Alternatively, the scientific notation can be used by DT"E"(W,P). In pratice,
this looks like:
type(fp16) :: x
x = 3.14
write(*, '(DT"E"(10,4))') x
Math-Function
The low precision datatypes support all standard Fortran Math functions.
- Core Arithmetic: Support for
+,-,*,/, and**. - Math Functions: Comprehensive support for single-argument functions (
abs,sin,cos,exp,log,sqrt, etc.), two-argument functions (atan2,hypot), and specialized trigonometric functions. - Array Reductions:
maxval,minval,maxloc,minlocnorm2,'matmuldot_product,sum,product
For fp16 and bf16, the basic math functions are implemented using
their `REAL(real32) counterpart with typecasts and the implementation from libm
instead of the ones from the Fortran compilers. FP8 operations are implemented
via emulation and lookup tables for efficiency.
ToDo
- Support for unformatted IO
- AXV512FP16 and emulation support at once, but dispatching causes an overhead.
Issue / Missing Functionallity
MAXLOC/MAXVAL/MINVAL/MINLOC
The family of maxloc, maxval, minval, and minloc only support up to 4D
arrays. The optional MASK argument in maxval and minval is not yet supported.
The maxloc and minloc function does not support the mask, kind, and
back argument, yet.
MIN/MAX
The min and max function involving fp16 or bf16 datatypes supports up to
three inputs at the moment.
NORM2
The norm2 interface allows up to rank 3 objects.
AMD AOCC
The AMD AOCC compiler does not support the overloading of the write interface
in a complete private environment and making the function public afterwards.

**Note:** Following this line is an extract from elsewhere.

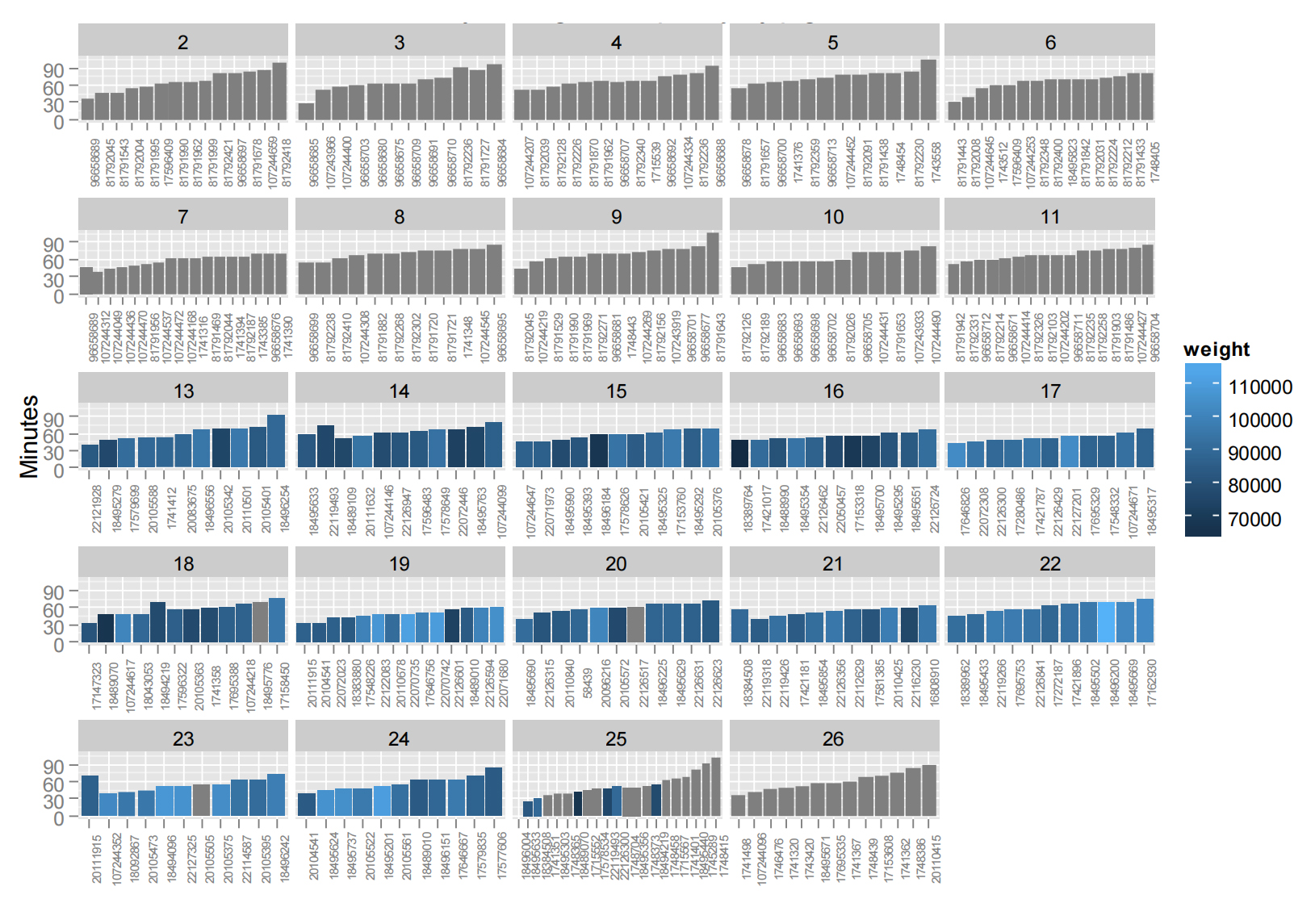 On the other side, if we analyze the animal weight, which is the only biometric variable available from the experiments, and the feeding habits, also there is no clear pattern to explain a relation. Figures 23 and 24 present intake and occupancy data for pigs with available weight data, categorized by box. While no apparent relationship exists between animal size and feeding dominance, it is evident that some heavier animals consume less feed and occupy the feeding trough for shorter durations, indicating a lack of dominant status despite their size.

For this reason, we do not support the AMD compiler suite.
LLVM clang/flang
The flang-new compiler complations about ambigous interface nams. Regarging § 7.5.10/Note11 in the Fortran 2023 standard, this warning is a false positive and can be safely ignored.
Installation
The library currently works with gcc compilers supporting the _Float16
datatype and the -mf16c switch (starting with GCC 11). For proper hardware
support of fp16, a CPU with AVX512FP16 is required.
FP8 support is implemented via emulation and lookup tables, and therefore does not require specific hardware flags for basic functionality.
Building
The build process is controlled via the following CMake options:
| Option | Default | Description |
|---|---|---|
LPF_DEBUG | OFF | Enable Debug Symbol generation |
LPF_NATIVE | OFF | Enable Native Build |
LPF_BLAS | ON | Enable BLAS and LAPACK |
LPF_FP8_E4M3 | ON | Support for FP8_E4M3 |
LPF_FP8_E5M2 | ON | Support for FP8_E5M2 |
LPF_AVX512_FP16 | OFF | Enable AVX512-FP16 Instructions |
LPF_AVX512_BF16 | OFF | Enable AVX512-BF16 Instructions |
LPF_EXAMPLES_TLAPACK | OFF | Build TLAPACK examples |
LPF_TESTING | ON | Build the LPF example programs and tests |
CMAKE_BUILD_TYPE | Release | Choose the type of build (e.g., Debug, Release) |
ENABLE_COVERAGE | OFF | Enable Coverage Build |
cmake -S . -B build-dir -DCMAKE_INSTALL_PREFIX=INSTALL-LOCATION
cmake --build build-dir
cmake --build build-dir --target install
Native fp16/bf16 support
Some CPUs, like Intel Xeons out of the Sapphire rappids series or Apple Silicon chips have (partial) support in hardware. By specifying the proper C flags, these can be used:
x86-64
This requires the AVX512FP16 and/or the AXV512BF16 capability. This can be
checked using
lscpu | grep -o -E '(axv512_fp16|avx512_bf16)'
Depending on which features are available, the corresponding compiler switches can be added. Either by specifying the C flags
-DCMAKE_C_FLAGS="-mavx512fp16 -mavx512bf16"
or enabling the LPF_AVX512_FP16 and/or LPF_AVX512_BF16 option as listed
above.
AArch64 and Apple Silicon
In case of an fp16 or bf16 aware AArch64 CPU, the compiler flags will be
-DCMAKE_C_FLAGS="-march=armv8.4-a+fp16+bf16"
Alternatively, one can add
-DLPF_NATIVE=ON
to the cmake command line in order to try the cpu-native compilation, if
supported by the target.
Usage in other projects
The project can either be used as subproject or integrated using CMake's
FetchContent mechanism.
License
The library is licensed under GNU LGPL 3 or any later version if you want. See LICENSE for details.